Unlike purchasing an existing property, a land and construction package involves funding in stages as the build progresses. Your lender releases funds according to a construction draw schedule tied to specific milestones, which means you only pay interest on the amount drawn down at each stage. For paediatric nurses working in urban centres where suitable land for townhouse development remains available, this funding structure aligns loan costs with actual build progress rather than requiring full funding upfront.
The application process involves both land acquisition approval and construction loan approval. Most lenders assess these together as a single facility, but you'll need council approval and a fixed price building contract with a registered builder before construction funds are released. Your deposit typically covers 20% of the combined land and build cost, though certain lender programs for healthcare professionals can reduce this requirement.
Council Approval and Development Application Timelines
Your development application must receive council approval before construction funding becomes available. Processing times vary by local government area, typically ranging from 8 to 16 weeks for townhouse developments on standard residential zones. Once approved, most lenders require you to commence building within a set period from the disclosure date, usually 6 to 12 months.
In our experience with paediatric nurses planning townhouse builds in established suburbs close to major hospitals, delays at the council stage affect loan conditions. If your approval extends beyond the lender's commencement window, you may need to reapply or accept modified terms.
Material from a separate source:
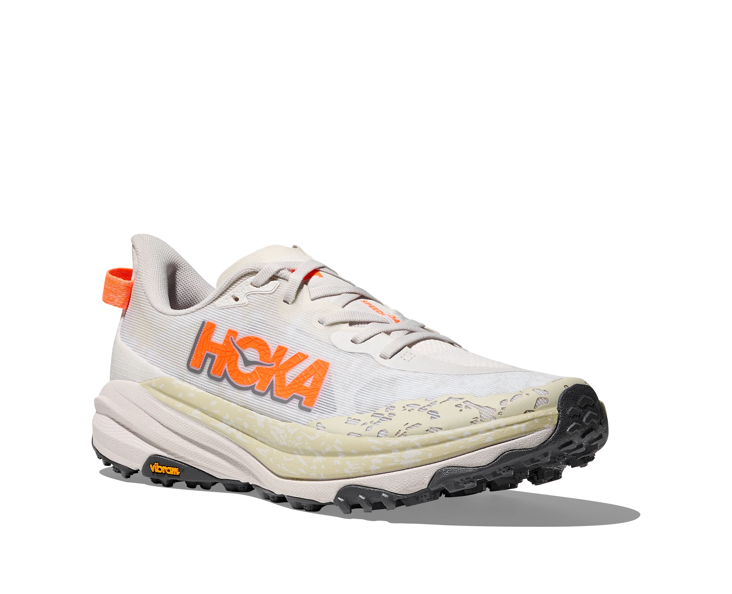 Las Speedgoat 6 para hombre de Hoka son unas zapatillas de trail running diseñadas para ofrecer una pisada con gran capacidad de respuesta y una adherencia excepcional en terrenos técnicos. Incorporan la reconocida amortiguación de HOKA, combinada con una tracción agresiva y materiales ultraligeros que garantizan rendimiento y durabilidad. Esta nueva versión mejora el empeine con tejido textil resistente, un chasis interno que se ajusta perfectamente al pie para mayor estabilidad, y una lengüeta doblemente reforzada y acolchada para comodidad. Además, su innovador diseño de tacos, inspirado en las pezuñas de cabra, optimiza el agarre en cualquier superficie. Las Speedgoat 6 son la elección definitiva para quienes buscan dominar el trail con confianza y eficacia.
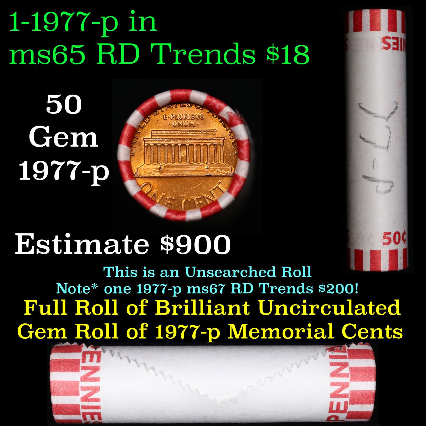 Shotgun Lincoln 1c roll, 1977-p 50 pcs Bank Wrapper.. A terrific Shotgun roll of Lincoln cents. Most if not all coin should be cherry red.

Some construction loan products allow extended commencement periods specifically for developments requiring detailed planning approval.
Your fixed price building contract should align with your council plans. Any variation between what council approved and what your builder quotes will trigger reassessment. This creates particular challenges for townhouse projects where site conditions sometimes require design modifications after initial approval.
How Progressive Drawdown Works for Townhouse Construction
Construction funding releases in instalments based on a progress payment schedule. Your lender conducts a progress inspection before releasing each drawdown, verifying that completed work matches the stage claimed by your builder. Typical stages include base stage, frame stage, lockup stage, fixing stage, and practical completion.
Consider a paediatric nurse purchasing land in an inner-ring suburb for $450,000 with a townhouse build cost of $380,000. Total project cost reaches $830,000. With a 20% deposit of $166,000, the loan amount sits at $664,000. At base stage (usually 15% of build cost), the lender releases $57,000 directly to the builder. At frame stage (35% of build cost), another $133,000 becomes available. The nurse pays interest only on funds actually drawn, so after base stage completion, interest applies to $507,000 (land cost plus base stage draw) rather than the full loan amount.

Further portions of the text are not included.